Top of ENTRIES SUPPLIED

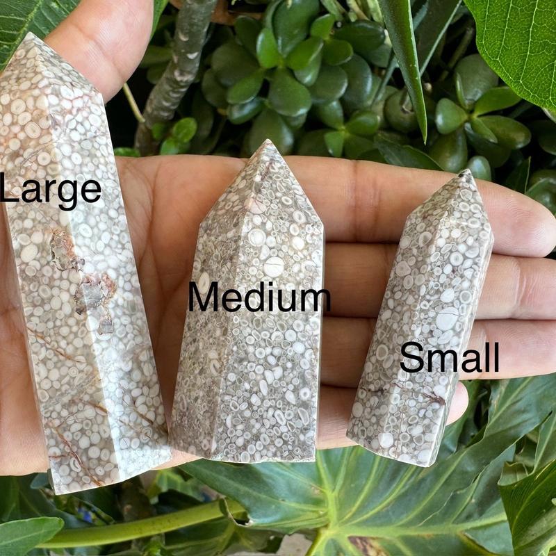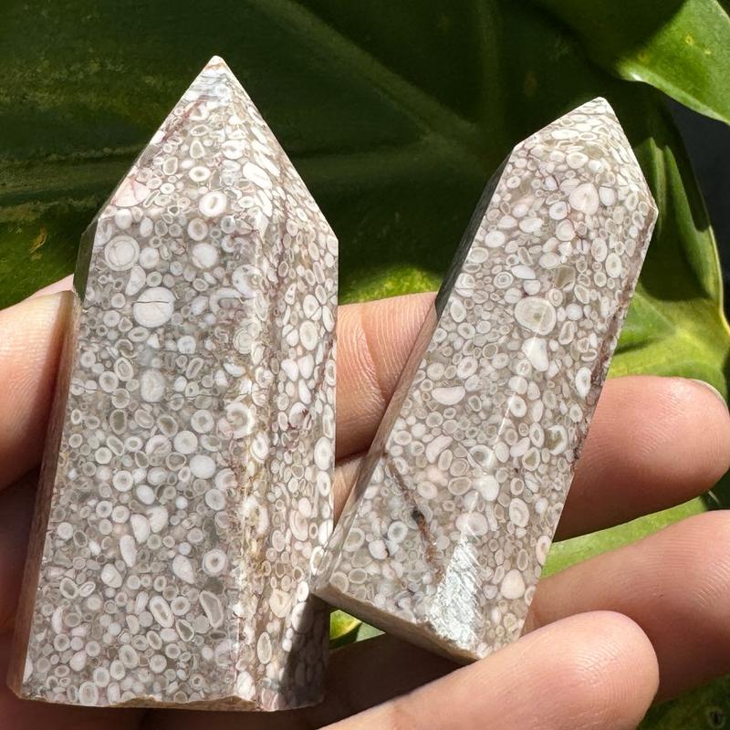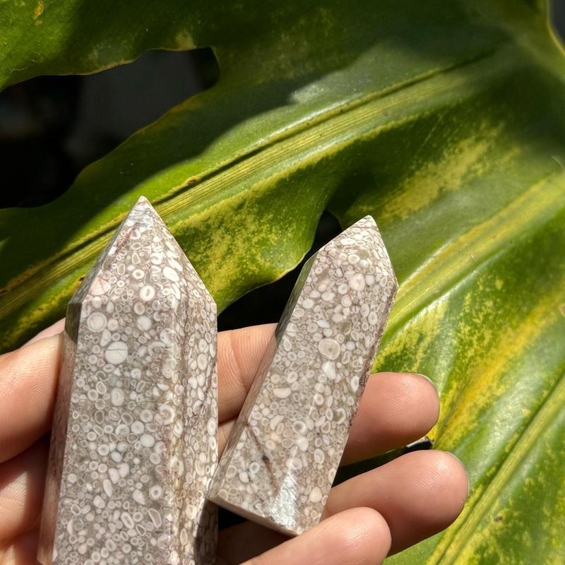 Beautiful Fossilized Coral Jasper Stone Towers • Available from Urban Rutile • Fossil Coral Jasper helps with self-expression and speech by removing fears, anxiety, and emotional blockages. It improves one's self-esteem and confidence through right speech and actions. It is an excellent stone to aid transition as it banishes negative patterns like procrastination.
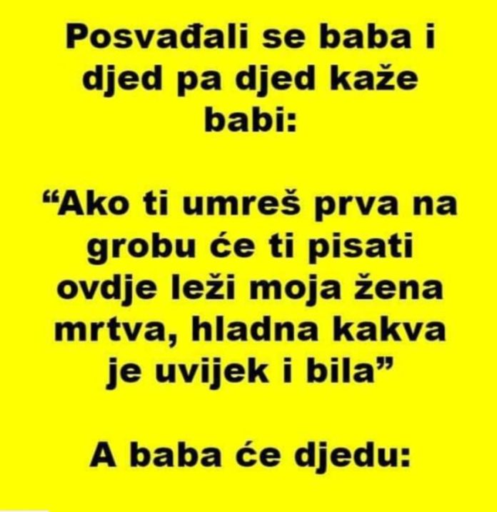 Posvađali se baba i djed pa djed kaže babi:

Bottom of ENTRIES SUPPLIED
Top of ENTRIES SUPPLIED

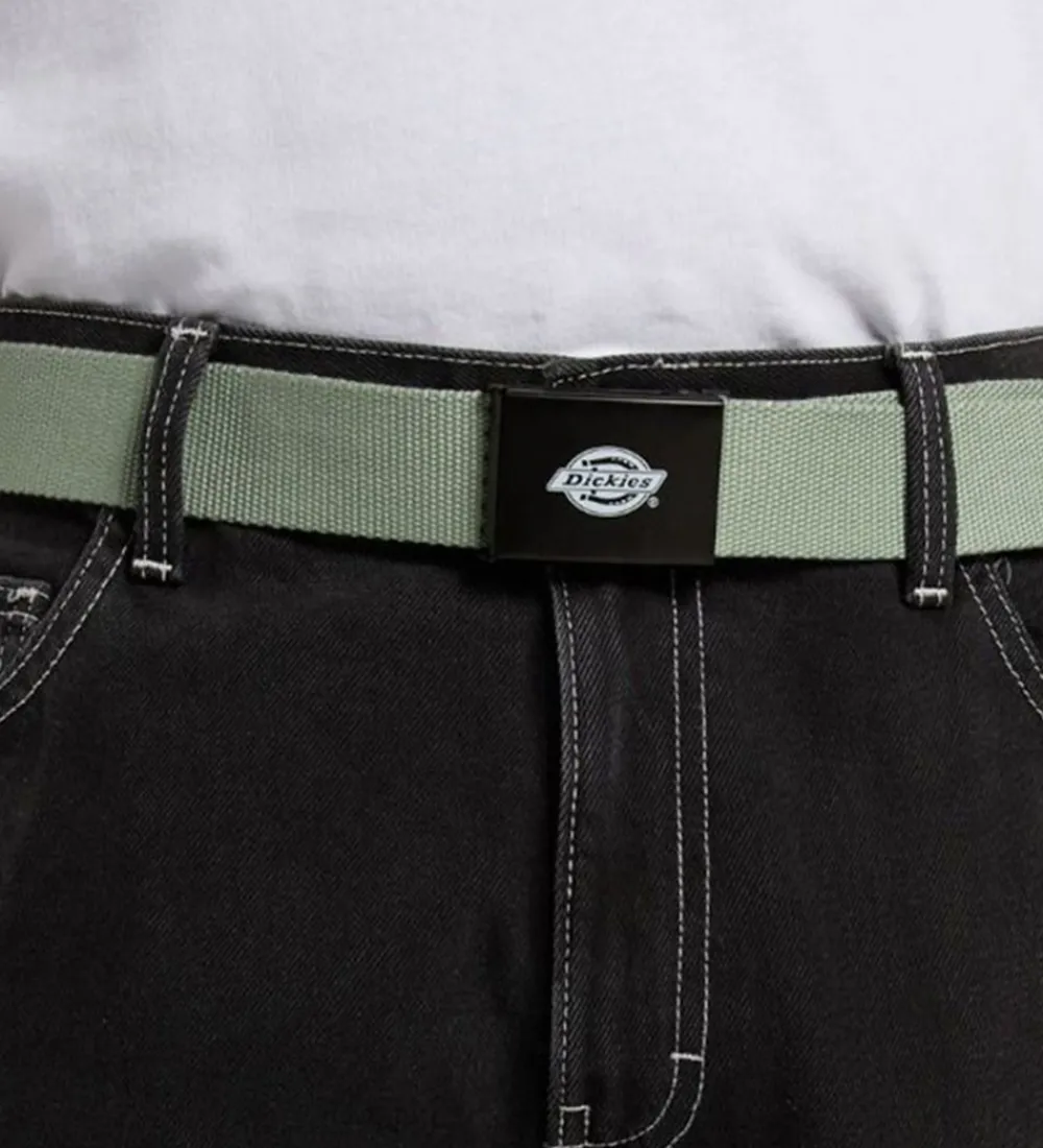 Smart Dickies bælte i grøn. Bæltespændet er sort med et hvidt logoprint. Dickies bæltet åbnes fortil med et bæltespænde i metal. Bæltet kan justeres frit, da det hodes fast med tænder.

Bottom of ENTRIES SUPPLIED
Top of ENTRIES SUPPLIED

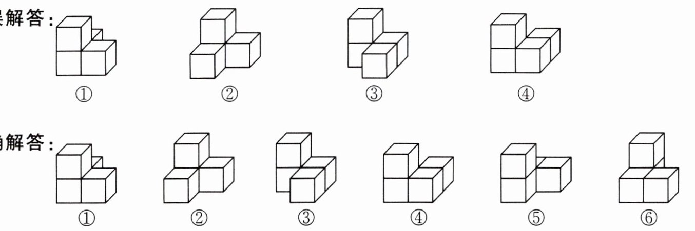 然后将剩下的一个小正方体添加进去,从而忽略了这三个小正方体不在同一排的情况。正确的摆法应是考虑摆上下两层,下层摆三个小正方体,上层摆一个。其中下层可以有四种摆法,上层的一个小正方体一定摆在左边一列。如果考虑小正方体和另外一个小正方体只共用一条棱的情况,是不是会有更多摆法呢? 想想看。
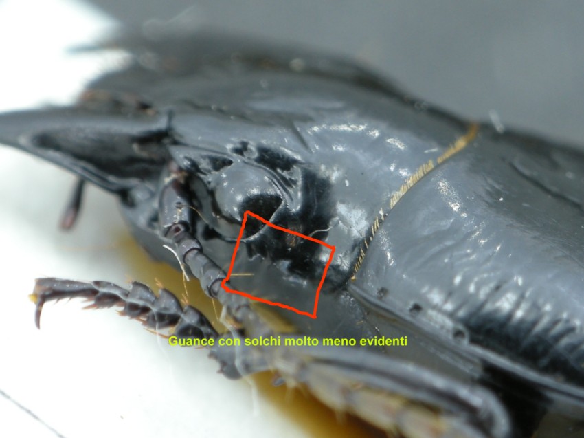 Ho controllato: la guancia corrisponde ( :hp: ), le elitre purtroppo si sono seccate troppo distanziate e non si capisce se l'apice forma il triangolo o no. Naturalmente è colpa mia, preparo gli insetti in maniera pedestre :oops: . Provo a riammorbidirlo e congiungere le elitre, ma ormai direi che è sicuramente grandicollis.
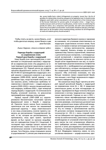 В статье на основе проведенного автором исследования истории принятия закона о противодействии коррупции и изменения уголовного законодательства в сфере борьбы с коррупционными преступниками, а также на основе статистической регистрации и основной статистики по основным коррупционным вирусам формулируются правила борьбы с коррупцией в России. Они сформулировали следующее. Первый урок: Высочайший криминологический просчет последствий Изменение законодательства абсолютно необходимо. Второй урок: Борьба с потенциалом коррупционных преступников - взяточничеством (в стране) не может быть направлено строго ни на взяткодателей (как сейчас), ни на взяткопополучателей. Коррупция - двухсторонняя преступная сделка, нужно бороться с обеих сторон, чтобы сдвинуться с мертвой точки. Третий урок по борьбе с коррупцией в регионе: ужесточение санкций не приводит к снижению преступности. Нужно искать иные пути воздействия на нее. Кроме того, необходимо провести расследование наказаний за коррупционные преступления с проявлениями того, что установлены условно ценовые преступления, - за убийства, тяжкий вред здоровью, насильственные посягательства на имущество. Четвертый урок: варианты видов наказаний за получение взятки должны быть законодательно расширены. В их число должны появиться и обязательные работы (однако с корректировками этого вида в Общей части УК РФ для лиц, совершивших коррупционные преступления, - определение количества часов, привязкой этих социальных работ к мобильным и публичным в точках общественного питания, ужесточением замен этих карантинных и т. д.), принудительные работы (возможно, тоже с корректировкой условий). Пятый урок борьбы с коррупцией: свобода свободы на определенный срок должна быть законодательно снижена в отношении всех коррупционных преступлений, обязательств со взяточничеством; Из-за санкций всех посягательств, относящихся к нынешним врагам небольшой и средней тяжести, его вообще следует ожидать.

Bottom of ENTRIES SUPPLIED

**INSTRUCTIONS FOR THE TASK:** Could you output exactly the lines above, from the line with "Beautiful Fossilized Coral" up to and including the line with "Posvađali se baba", and nothing else, skipping the pictures?

**OUTPUT BELOW:**
 Beautiful Fossilized Coral Jasper Stone Towers • Available from Urban Rutile • Fossil Coral Jasper helps with self-expression and speech by removing fears, anxiety, and emotional blockages. It improves one's self-esteem and confidence through right speech and actions. It is an excellent stone to aid transition as it banishes negative patterns like procrastination.
 Posvađali se baba i djed pa djed kaže babi:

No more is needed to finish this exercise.